Over the past five years, Iran's leading philosopher, Abdul Karim Soroush, has fueled public debate by offering a framework -- on the basis of faith -- to blend Islam and democracy. He argues that to be a true believer, one must come to the faith without coercion or pressure -- in other words, freely. That principle is the origin of all other freedoms. He never abandoned the tenets of his faith; he believes that sharia (Islamic law) can be a basis for modern legislation. But he breaks from Iran's theocrats in his declaration that Islamic law is not static, but is flexible and adaptable because it has only begun to be understood by imperfect human beings.

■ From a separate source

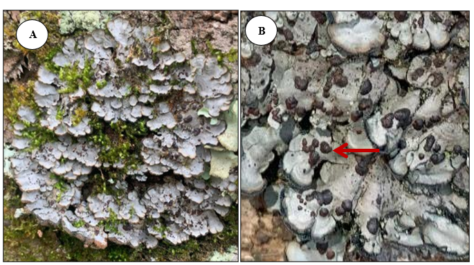 C. erythroxyli (Spreng.) Swinscow & Krog, belonging to the Coccocarpiaceae family, is a corticolous lichen characterized by a foliose thallus that is rounded in shape. The thallus has a smooth texture with uneven edges and does not fully adhere to the substrate. Its underside features rhizines, with thallus lengths ranging from 10 to 35 cm and lobe widths between 0.5 to 1 cm. The upper surface of the thallus is gray, while the underside is black. Reproductive structures consist of rare black apothecia (Figure 1). Chemical tests reveal that the upper cortex reacts K+ (yellow), while it is C- and KC-. This species has been found in Indonesia, specifically in the Batang Toru Forest [16] and Taman Hutan Raya Bukit Barisan in North Sumatra [17]. It thrives in fully lit areas at altitudes of 874 to 903 m above sea level.

Soroush was a long-time follower of Khomeini, who appointed him to the Committee of the Cultural Revolution to conform university curricula to Islam. But a decade after the revolution, Soroush began to see the ayatollah as an instrument of transition, not as the goal. In books, magazine columns, and lectures at the three universities where he taught, Soroush warned that Islam, like any other religion, should never be used to rule a state, because it opens the door to totalitarianism. Often called the Martin Luther of Islam by students, Soroush is also widely popular among intellectuals, reformers, and the clergy. Many of his former students and followers launched new, reformist newspapers -- most notably Jameh, Tous, Neshat, and Asr-e Azadegan, or "Era of the emancipators" -- all of which were closed down by the judicary.
The goal of Soroush, Kadivar, Nouri, and other reformers is to be Muslim without being fundamentalist, to be reverent but free, and to find a world-view that is both Islamic and modern. As the only Shiite-ruled country, Iran is unique in the Muslim world. Yet the work of Iran's reformers is nonetheless spreading throughout the 53-nation Islamic bloc, the last group of countries to hold out against the wave of democratization that has swept the rest of the world.
The frontline in the conflict over Iran's identity and its future is between artistic freedom and Islamic correctness. Some of the earliest and boldest challenges to the Second Republic came from artists. In a 1994 open letter titled "We Are Writers," 134 writers, poets, journalists, and scholars, including many who had once rallied around the regime, demanded the freedom to associate in a writers' union, noninterference in their personal lives, and an end to censorship. Within months, more than 200 film directors and actors petitioned for an end to the "straitjacket regulations and complicated methods of supervision" of Iran's movie industry, including everything from script approval to the distribution of raw film stock.
Iranian cinema has led a major countercultural revolution since the early 1990s. Despite often ridiculous restrictions, filmmakers have been able to exploit the subtleties of their medium to make bold statements about sensitive political and social issues. Characters are challenging the status quo; plots focus on the shortcomings of the Islamic system; dialogue is extending the boundaries of public discussion. Indeed, few subjects are now off-limits. The White Balloon, one of Iran's most famous postrevolution films, jabs at the country's failures to address poverty, racial bias, and child exploitation. Dariush Mehrjui, the father of modern Iranian cinema, wrote a quartet of films -- Banoo (1992), Sara (1993), Pari (1995), and Leila (1997) -- about the professional and personal plight of women in Islamic society. Each ended with the lead female character defying convention or leaving her husband to head out on her own -- a radical move in a society where women must get written permission to leave the country. Mehrjui's Hamoon, ranked the best movie in Iranian history in a 1997 poll of Iranian film critics and audiences, was a dark comedy about modern Iranian life that examined people's fixations with Islamic religious figures. Today's increasingly independent film industry is thoroughly undermining the theocrats' draconian effort to create a new society centered around the devout Shiite. Indeed, the change in the social climate is stark.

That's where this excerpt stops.